▸ **What to produce**: Write out, word for word, the first line of the data below and every line after it through the one containing "İngiliz istihbaratıyla bağlantılı".

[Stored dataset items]
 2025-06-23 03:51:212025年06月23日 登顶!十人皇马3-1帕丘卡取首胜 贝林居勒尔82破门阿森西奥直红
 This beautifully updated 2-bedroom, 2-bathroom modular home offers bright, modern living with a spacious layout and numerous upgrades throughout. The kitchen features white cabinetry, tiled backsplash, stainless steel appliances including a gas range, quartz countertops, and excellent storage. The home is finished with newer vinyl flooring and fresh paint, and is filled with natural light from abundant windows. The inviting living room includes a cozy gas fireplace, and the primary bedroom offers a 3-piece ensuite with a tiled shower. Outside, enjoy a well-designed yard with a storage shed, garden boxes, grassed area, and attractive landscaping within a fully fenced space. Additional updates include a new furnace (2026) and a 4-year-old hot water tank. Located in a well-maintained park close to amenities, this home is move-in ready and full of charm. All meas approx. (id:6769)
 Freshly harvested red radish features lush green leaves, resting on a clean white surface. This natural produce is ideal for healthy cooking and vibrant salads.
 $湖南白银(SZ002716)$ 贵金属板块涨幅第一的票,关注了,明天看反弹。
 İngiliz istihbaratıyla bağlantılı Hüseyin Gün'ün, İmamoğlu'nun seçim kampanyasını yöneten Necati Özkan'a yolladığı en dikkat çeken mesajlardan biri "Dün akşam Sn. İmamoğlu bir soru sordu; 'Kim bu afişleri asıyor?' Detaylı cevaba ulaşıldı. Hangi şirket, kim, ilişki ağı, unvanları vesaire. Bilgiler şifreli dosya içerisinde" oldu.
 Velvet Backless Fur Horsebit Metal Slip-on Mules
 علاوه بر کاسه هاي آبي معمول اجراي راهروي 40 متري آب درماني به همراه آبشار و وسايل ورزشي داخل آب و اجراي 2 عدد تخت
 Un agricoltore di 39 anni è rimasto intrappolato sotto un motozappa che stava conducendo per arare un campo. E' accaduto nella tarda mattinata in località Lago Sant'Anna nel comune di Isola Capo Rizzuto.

▸ **Finished exercise**:
 2025-06-23 03:51:212025年06月23日 登顶!十人皇马3-1帕丘卡取首胜 贝林居勒尔82破门阿森西奥直红
 This beautifully updated 2-bedroom, 2-bathroom modular home offers bright, modern living with a spacious layout and numerous upgrades throughout. The kitchen features white cabinetry, tiled backsplash, stainless steel appliances including a gas range, quartz countertops, and excellent storage. The home is finished with newer vinyl flooring and fresh paint, and is filled with natural light from abundant windows. The inviting living room includes a cozy gas fireplace, and the primary bedroom offers a 3-piece ensuite with a tiled shower. Outside, enjoy a well-designed yard with a storage shed, garden boxes, grassed area, and attractive landscaping within a fully fenced space. Additional updates include a new furnace (2026) and a 4-year-old hot water tank. Located in a well-maintained park close to amenities, this home is move-in ready and full of charm. All meas approx. (id:6769)
 Freshly harvested red radish features lush green leaves, resting on a clean white surface. This natural produce is ideal for healthy cooking and vibrant salads.
 $湖南白银(SZ002716)$ 贵金属板块涨幅第一的票,关注了,明天看反弹。
 İngiliz istihbaratıyla bağlantılı Hüseyin Gün'ün, İmamoğlu'nun seçim kampanyasını yöneten Necati Özkan'a yolladığı en dikkat çeken mesajlardan biri "Dün akşam Sn. İmamoğlu bir soru sordu; 'Kim bu afişleri asıyor?' Detaylı cevaba ulaşıldı. Hangi şirket, kim, ilişki ağı, unvanları vesaire. Bilgiler şifreli dosya içerisinde" oldu.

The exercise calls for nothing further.